How to Use the Dashboard
- Average Cluster Performance (%).
- This is the primary KPI for your entire IaaS. It plots how your IaaS is performing every 5 minutes, giving you the trend view of the overall performance.
- The metric itself is simply the average of the Cluster KPI / Performance (%) metric. This performance metric in turn averages the VM Performance / Number of KPIs Breached metric from all the running VMs in the cluster. Hence a value of 100% indicates that every running VM in the cluster is served well.
- As this KPI takes into account every running VM in your environment, the number should be steady. The analogy in real life is the stock market index. While individual stocks can be volatile, overall the index should be relatively steady on a 5 minutes by 5 minutes basis.
- The relative movement of the metric is as important as the absolute value of the metric. Your absolute number might not be as high you want it to be, but if there are no complaints for a long time, then there is no urgent business justification to improve it.
- Clusters Performance.
- It lists all the clusters, sorted by the least performing cluster in the last one week. You can change this time period.
- The worst performance shows the lowest number in the time period. As VMware Aria Operations collects data every 5 minutes, there are 12 x 24 x 7 = 2016 data points in a week. This column shows the worst point among these 2016 datapoints.
- A single number among 2016 datapoints can be an outlier that needs to be complemented with another number sometimes. A logical choice is the average of these numbers. For the average performance to be low, a lot of criterias have to be low. Waiting for the average causes a delay in your operations, and rise in complaints. For performance monitoring, the 95th percentile is a better summary than the average.
- Your cluster should function at a 100% and perform its fuctions as planned.
- Select a cluster from the table.
- All the health charts show the KPI of the selected cluster.
- For performance, it is important to show both the depth and breadth of the performance problems. A problem that impacts one or two VMs requires a different troubleshooting than a problem that impacts all the VMs in the cluster.
- The depth is shown by reporting the worst among any VM counter. So the highest value of VM CPU Ready, VM Memory contention, and VM Disk Latency among all the running VMs are shown. If the worst number is good, then you do not need to look at the rest of the VMs.
- A large cluster with thousands of VMs can have a single VM experiencing poor performance while 99.9% of the VM population is fine. The depth counter might not report that most VMs are fine. It only reports the worst. This is where the breadth counters come in.
- The breadth counters report the percentage of the VM population that is experiencing performance problem. The threshold is set to be stringent, as the goal is to provide early warning and activate proactive operations.
Points to Note
It is possible for VMs in the cluster to suffer from poor performance, while the cluster utilization is low. One main reason is cluster utilization looks at the provider layer (ESXi), while performance looks at individual consumer (VM). The following table shows various possible reasons.

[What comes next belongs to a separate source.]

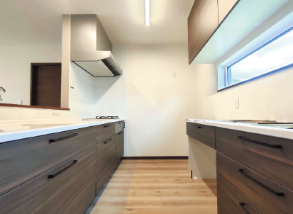 浄水器内蔵シャワー混合水栓のキッチン、FRPエコベンチ浴槽やスイッチ付エコアクアシャワーがついたバスルーム、アクアセラミック・フチレス便器のシャワートイレ、録画機能付カラーテレビドアホンなどの機能も充実している。価格は2198万円。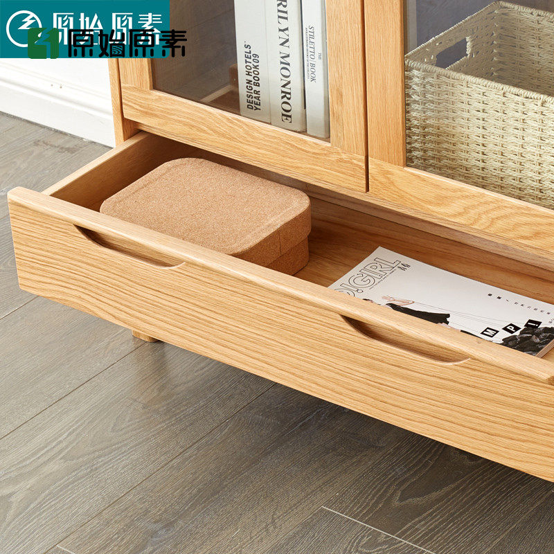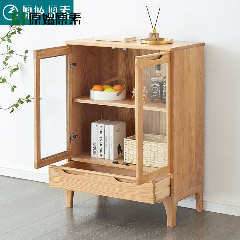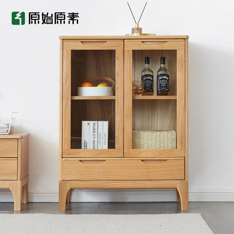 Special offer original all solid wood glass door dining cabinet modern minimalist oak dining room two-door side cabinet A7102

From the performance management point of view, the vSphere cluster is the smallest logical building block of the resources. While the resource pool and VM Host affinity can provide a smaller slice, they are operationally complex, and they cannot deliver the promised quality of IaaS service. Resource pool cannot provide a differentiated class of service. For example, your SLA states that gold is two times faster than silver because it is charged at 200% more. The resource pool can give gold two times more shares. Whether those extra shares translate into half the CPU readiness cannot be determined up front.
Certain settings such as DRS automation level and the presence of many resource pools can impact performance. Consider adding a property widget to show the relevant property of a selected cluster, and a relationship widget to show resource pools.
For a large environment with many clusters, add a grouping to make the list more manageable. Group it by class of service, so you can focus more on the critical clusters.